It so happens that terrorists pay attention to science, despite the mad rantings of so many of them against it. Science, after all, brought us TNT, the A-bomb, the H-bomb, weaponized anthrax, and lots of other cool goodies that are wonderful additions to the terrorists’ toolkits. As it happens, one particularly well-funded, well connected group in the Middle East thinks it a grand idea to blow Israel off the face of the earth before that even better funded, and better connected state has the chance to do the same to them or to their proxy states. They have acquired a gaggle of disaffected, under-employed Russian physicists and funded them generously to produce “outside-the-box” ideas for a doomsday device on the cheap. They did not have 17-mile supercolliders to play with, and Jihadist physicists are a rare breed. But not to worry, they had something better: money, lots of it, and the ability to entice scientists who view themselves above pedantic, bourgeois notions of ethics and for whom science is the only religion.
Undaunted by any notions of right and wrong and guided by the simple principle that “if it can be done, it must be done,” these brilliant men and women soon developed a working experiment that presented an elegant solution that their benefactors immediately approved.
Their plan was exquisitely simple and required very little by way of resources beyond two suitcase nukes that can easily be obtained either from Russia (cheap, old-world loose nukes listed simply as “missing” from the former Soviet inventory), or spanking new, state-of-the-art but untried ones from the secret Pakistani stash. They opted for the Russian suitcase nukes, in part because they did not want a trusted ally compromised in the event that their experiment did not attain the desired ends.
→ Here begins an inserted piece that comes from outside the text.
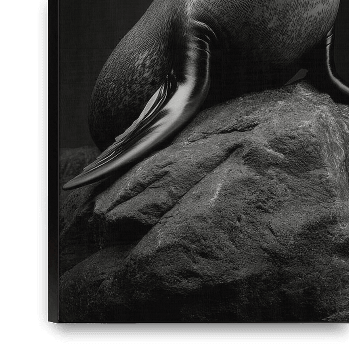 Dans un noir et blanc puissant, le noble phoque resplendit majestueusement sur un rocher lisse. Ses yeux curieux et son doux sourire rayonnent de calme et d'espièglerie. Ce motif animalier affectueux apporte une note maritime dans chaque salon et favorise une atmosphère détendue et harmonieuse. Idéal pour les amoureux de la nature et…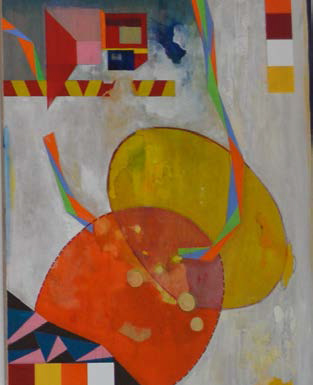 Passé la porte d’entrée, c’est un tableau «géant» qui nous accueille. Le plasticien y occupe non seulement l’espace mais joue aussi avec les formes du tableau.

The two suitcase nukes have been mounted at precise distances from one another in the cargo hold of a modified old Boeing 747 passenger plane from a terrorist-friendly country, and are equipped with the best military-grade timers available, obtained from a close U.S. ally in the region. The simultaneous detonation of these nuclear devices will force the collision of countless billions of subatomic particles accelerated at nearly light speed through the old-fashioned process of nuclear fission to strike one another, thereby creating large numbers of miniature black holes like an endless row of poor-man’s supercolliders working in unison. Granted, the effect will be somewhat messy and difficult to quantify, but these are matters of little consequence to scientists interested in practical results rather than peer-reviewed publications or Nobel prizes in physics.